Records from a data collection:

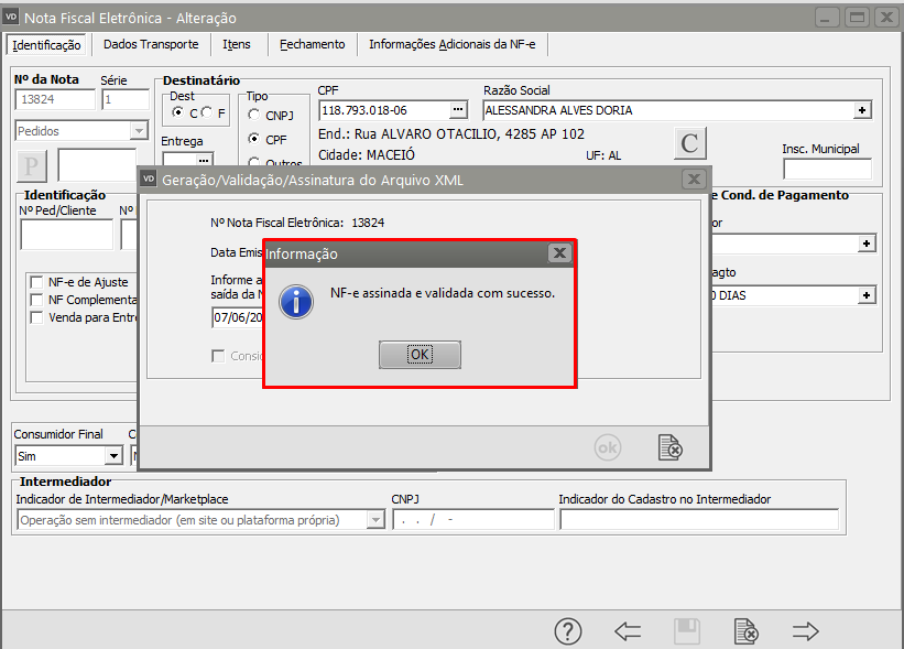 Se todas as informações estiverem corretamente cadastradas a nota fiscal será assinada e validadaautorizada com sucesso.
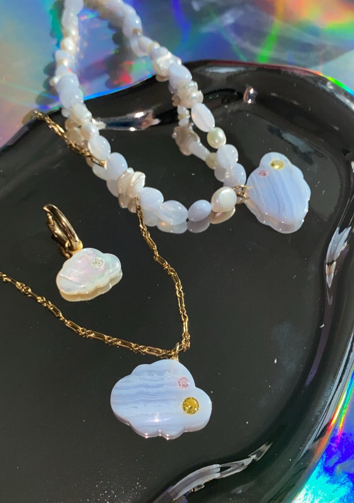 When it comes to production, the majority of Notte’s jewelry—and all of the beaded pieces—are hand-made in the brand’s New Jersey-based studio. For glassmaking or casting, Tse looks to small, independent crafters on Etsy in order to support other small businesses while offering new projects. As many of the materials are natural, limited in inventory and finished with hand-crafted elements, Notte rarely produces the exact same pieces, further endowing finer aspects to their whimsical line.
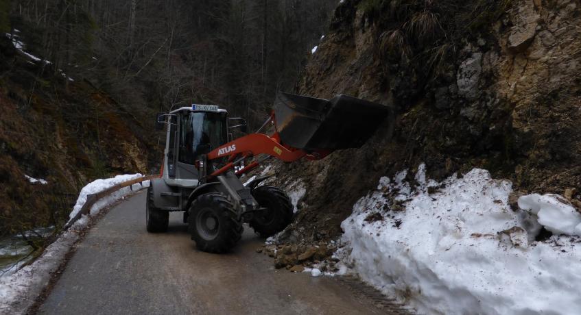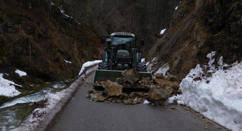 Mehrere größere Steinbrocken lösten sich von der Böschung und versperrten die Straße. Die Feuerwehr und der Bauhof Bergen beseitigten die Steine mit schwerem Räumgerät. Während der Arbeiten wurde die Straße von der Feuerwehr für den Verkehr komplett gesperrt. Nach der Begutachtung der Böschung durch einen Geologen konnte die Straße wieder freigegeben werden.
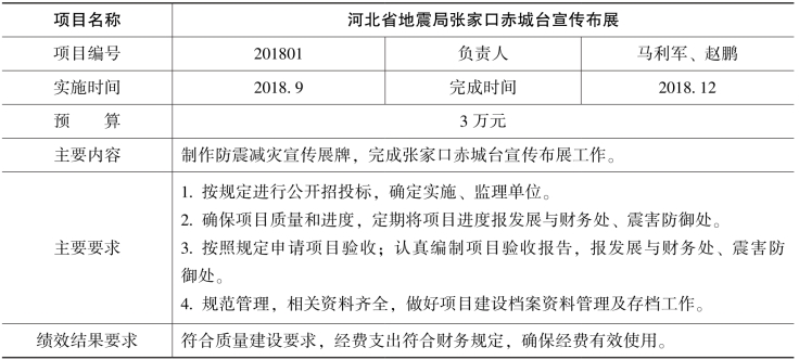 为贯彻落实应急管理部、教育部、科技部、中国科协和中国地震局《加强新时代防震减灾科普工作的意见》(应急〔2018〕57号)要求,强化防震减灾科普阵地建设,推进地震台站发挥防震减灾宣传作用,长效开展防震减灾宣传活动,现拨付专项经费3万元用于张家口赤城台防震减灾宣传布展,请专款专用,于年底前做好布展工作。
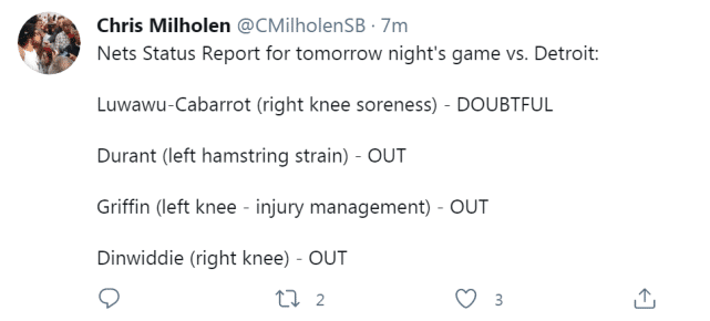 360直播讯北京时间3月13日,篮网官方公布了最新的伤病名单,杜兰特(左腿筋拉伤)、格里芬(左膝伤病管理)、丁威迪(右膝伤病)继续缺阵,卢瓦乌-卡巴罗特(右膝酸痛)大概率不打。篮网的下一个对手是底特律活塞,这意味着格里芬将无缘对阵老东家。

TASK PROMPT ▸
Please write out all the data word for word, but keep every picture out.

REPLY TO THE EXERCISE ▸
 Se todas as informações estiverem corretamente cadastradas a nota fiscal será assinada e validadaautorizada com sucesso.
 When it comes to production, the majority of Notte’s jewelry—and all of the beaded pieces—are hand-made in the brand’s New Jersey-based studio. For glassmaking or casting, Tse looks to small, independent crafters on Etsy in order to support other small businesses while offering new projects. As many of the materials are natural, limited in inventory and finished with hand-crafted elements, Notte rarely produces the exact same pieces, further endowing finer aspects to their whimsical line.
 Mehrere größere Steinbrocken lösten sich von der Böschung und versperrten die Straße. Die Feuerwehr und der Bauhof Bergen beseitigten die Steine mit schwerem Räumgerät. Während der Arbeiten wurde die Straße von der Feuerwehr für den Verkehr komplett gesperrt. Nach der Begutachtung der Böschung durch einen Geologen konnte die Straße wieder freigegeben werden.
 为贯彻落实应急管理部、教育部、科技部、中国科协和中国地震局《加强新时代防震减灾科普工作的意见》(应急〔2018〕57号)要求,强化防震减灾科普阵地建设,推进地震台站发挥防震减灾宣传作用,长效开展防震减灾宣传活动,现拨付专项经费3万元用于张家口赤城台防震减灾宣传布展,请专款专用,于年底前做好布展工作。
 360直播讯北京时间3月13日,篮网官方公布了最新的伤病名单,杜兰特(左腿筋拉伤)、格里芬(左膝伤病管理)、丁威迪(右膝伤病)继续缺阵,卢瓦乌-卡巴罗特(右膝酸痛)大概率不打。篮网的下一个对手是底特律活塞,这意味着格里芬将无缘对阵老东家。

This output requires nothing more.